More by Alex HidalgoWhat is Reliability Anyway?
| Author: Alex Hidalgo
When we talk about service level objectives we often focus on things like the latency or error rates of web-facing APIs. This makes sense because they’re relatively easy to measure and do represent things that are important to our users. At the end of the day we want to ensure that our computer services respond correctly and respond in a timely manner, so these sorts of measurements are a great way to think about how reliable we’re being for our users and customers.
But service levels aren’t just for computers. Before I entered the tech industry I worked in a ton of different roles and capacities, and one of the reasons service level objectives speak to me so much is that as I learned about them I realized that I had always been using them at every job I worked.
It turns out that humans in general are understanding of occasional failures or mistakes and that they’re actually very resilient to them. Nothing is ever perfect all of the time, and most people understand this – no matter what the situation actually is.
For example, I worked at a coffee shop for a while. It was a commuter stop and I worked the opening shift. This meant I had to get there at 05:00 to open by 06:00. It was not at all uncommon for us to end up with a line of 30-40 people stretching the length of the entire store at peak times. I generally worked on the espresso bar, and we’d call out for orders down the line before customers could even get to the register to get started on the drinks. We had a system for taking orders and how to document the customizations people had for their respective drinks. But: we also knew we’d make a mistake every once in a while. Either we’d write down the order slightly wrong, or we’d just make a mistake while trying to produce and serve multiple orders per minute.

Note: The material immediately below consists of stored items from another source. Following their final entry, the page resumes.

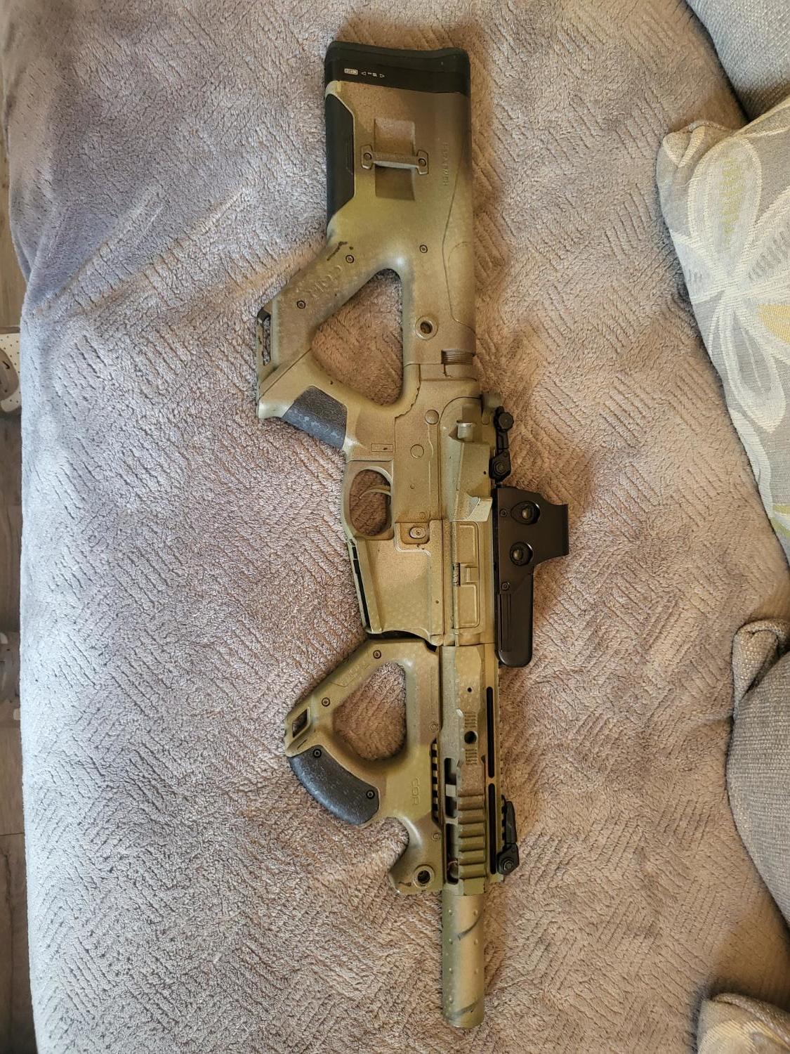 Has an upgraded hop up, red dot and suppressor. Has had a custom camo paint job but, there are a couple of paint scratches and wear patches which I prefer rather than looking pristine.
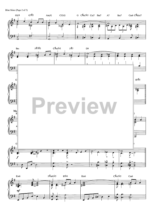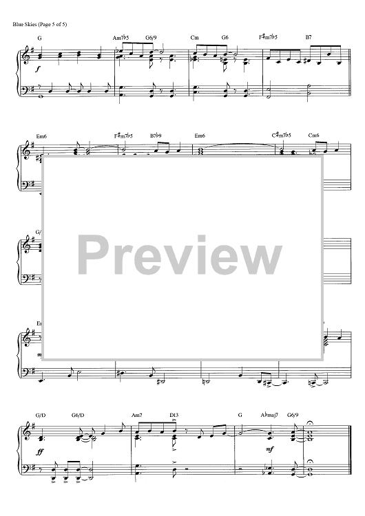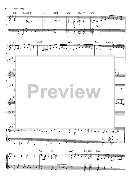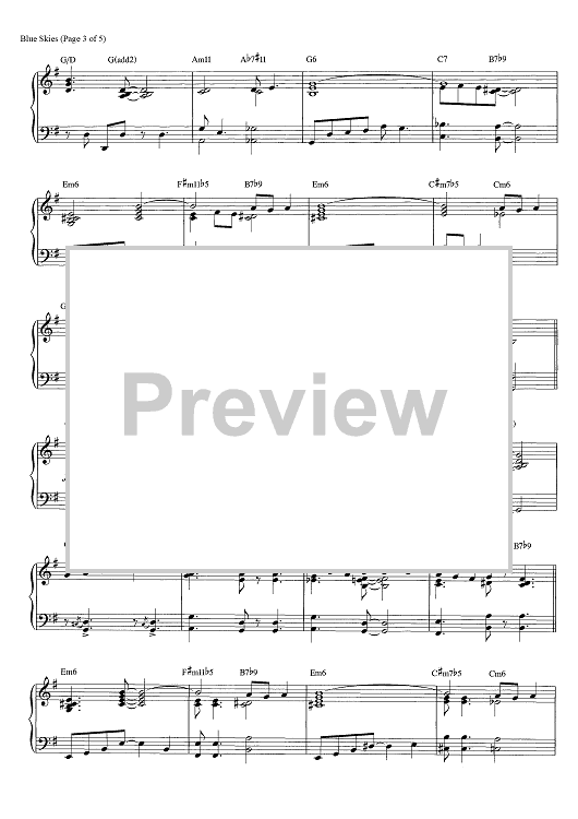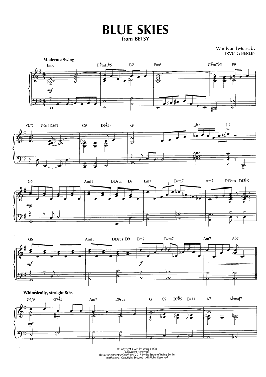 Digital Sheet Music for Blue Skies by George Gershwin, Brent Edstrom scored for Piano Solo; id:466002
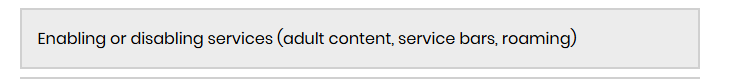 - 在分类中找到 Enabling or disabling services (adult content, service bars, roaming)。
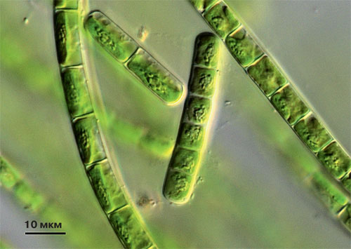 Харовые водоросли (Klebsormidium flaccidum) под микроскопом. Фото предоставлено Лирой Гайсиной, Башкирский государственный педагогический университет им. М. Акмуллы
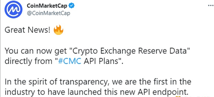 CoinMarketCap宣布推出交易所储备数据API,开发者可通过该API获取各个交易所储备数据更新。 此前报道,CoinMarketCap增加交易所储备展示板块功能。
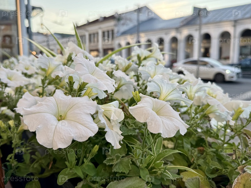 Петуния цветет на фоне городского пейзажа в летний день

In fact, we even had a goal as a store. While we were at our busiest we had a target of only having 1 in 20 drinks returned for being somehow wrong or otherwise perceived as unsatisfactory to the customer. We actually kept track of this number over the course of our shift to figure out how we’d performed that day.
And that’s a service level objective! As a coffee shop we had decided upon a 95% SLO target for customers being happy with their drink! We generally exceeded this target by a wide margin, but it was a reasonable one to track in terms of making decisions about staffing, who was working what station, how we stocked supplies behind the bar, and more.
When I worked at a dive bar we didn’t have any formalized SLOs, but I did have my own. I had goals that I intended to greet every customer within a minute and that they’d have a drink in front of them within two minutes. I didn’t actually measure any of this with a stopwatch or anything, but it was something I constantly kept in mind while I was working. These goals were easy to reach on most weeknights, but on busy weekend evenings they could sometimes be difficult to achieve.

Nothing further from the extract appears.